Aunt Molly, in a scolding manner and loud enough for both women to hear, said to her sister, “Edna, for goodness sake, you are not out there in California! Don’t you realize where you are?”
My mother and her friend ignored Aunt Molly’s admonition. I’m not sure that Aunt Molly’s judgmental words were even heard by the intended hearers. They were both consumed by the emotion of the moment. I was duly impressed that Miss Lena, upon spotting my brother and me, pointed to me and exclaimed, “There’s your baby, your youngest! He’s the one who weighed ‘leven pounds and ‘leven ounces when you borned him! Miss Edna, lets you and me set down on that bench over yonder and jabber awhile.”
If Mom and Miss Lena’s hearts had had windows, and if Aunt Molly had peered through those windows, she would have seen hearts overflowing with love. She would have seen hearts that at that moment in time were colorblind. Their hearts were only perceiving the color of love. It was a beautiful tableau. The scene on the sidewalk on the Square, in that small southern town, made Jim Crow so utterly ludicrous.
Two years ago, my wife and I were in DeWitt. We were walking by an elementary school where the school children were at play. My focus was drawn to two little girls laughing and being silly as they played on a teeter-totter. On one end of the seesaw was a cute blond-haired girl. But guess what!

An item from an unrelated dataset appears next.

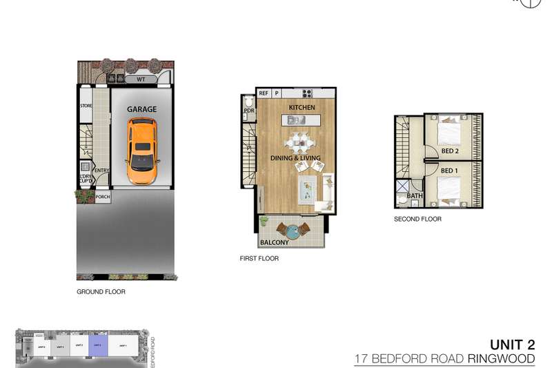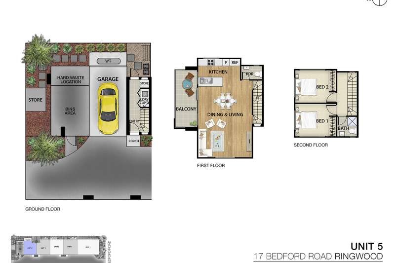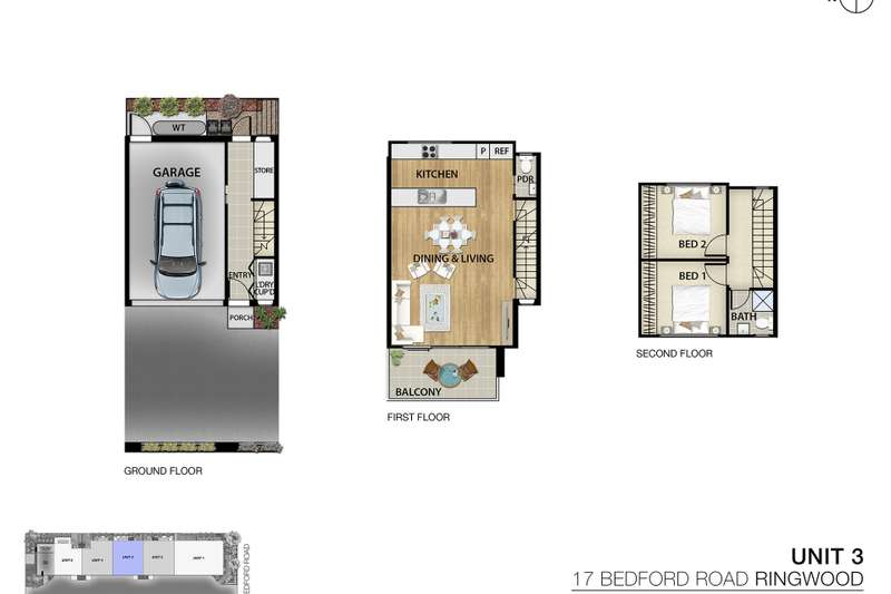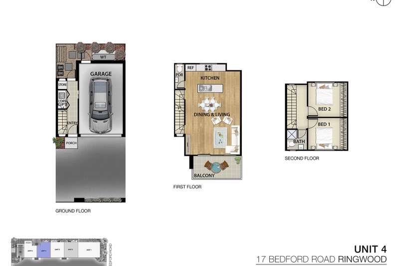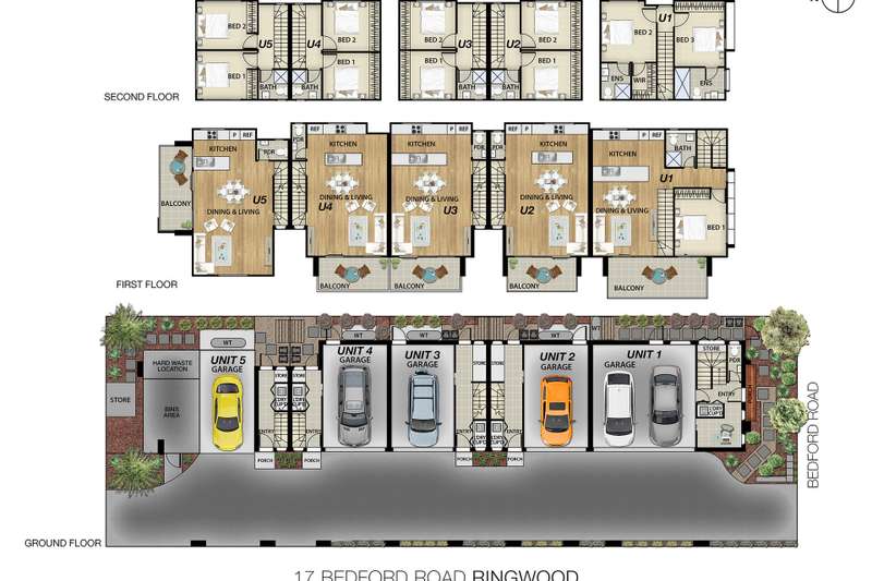 Construction has begun - See construction photos as of 18/06/2025 Exceptionally designed, these five brand-new townhouse apartments offer the perfect blend of style, comfort and convenience in the highly sought-after Ringwood Secondary College zone. With premium finishes, functional layouts and a prime location, these homes are ideal for modern family living. Spacious open-plan living and dining areas seamlessly connect to a dream kitchen featuring stone benchtops and modern appliances. Each home opens out to a private balcony, perfect for relaxed outdoor living. Units 2, 3, 4, and 5 each offer two generously sized bedrooms with built-in robes, a stylish upstairs bathroom, a convenient downstairs powder room and a single garage. Unit 1 stands out with its versatile layout, featuring 3 bedrooms, one bedroom downstairs and two upstairs, including the master bedroom with a walk-in robe and ensuite. This home has a remote controlled double garage with internal access. All homes will be complete with heating and cooling throughout, engineered timber flooring, carpeted bedrooms and high-quality fixtures. Each property is thoughtfully landscaped and beautifully finished. Perfectly positioned within walking distance of Ringwood Secondary College, Ringwood Station, Eastland Shopping Centre, Bedford Road shops, Aquinas College, Great Ryrie Primary, Our Lady's Primary School, local buses and the picturesque Ringwood Lake. With EastLink and Tintern Grammar just minutes away, the location offers unparalleled access to everything you need. UNIT 1: $949,000 UNIT 3: $749,000 UNIT 4: $749,000 UNIT 5: $729,000

On the other end of the apparatus was an equally attractive African-American girl with long black pigtails and a fetching smile.
I observed the two exuberant schoolgirls holding hands as they ran in response to the tardy bell to greet their African-American teacher. I like to think that the grip of their little hands was a wee bit more firm as a result of Miss Lena and my mother’s planting a seed of love on the Square way back in 1950.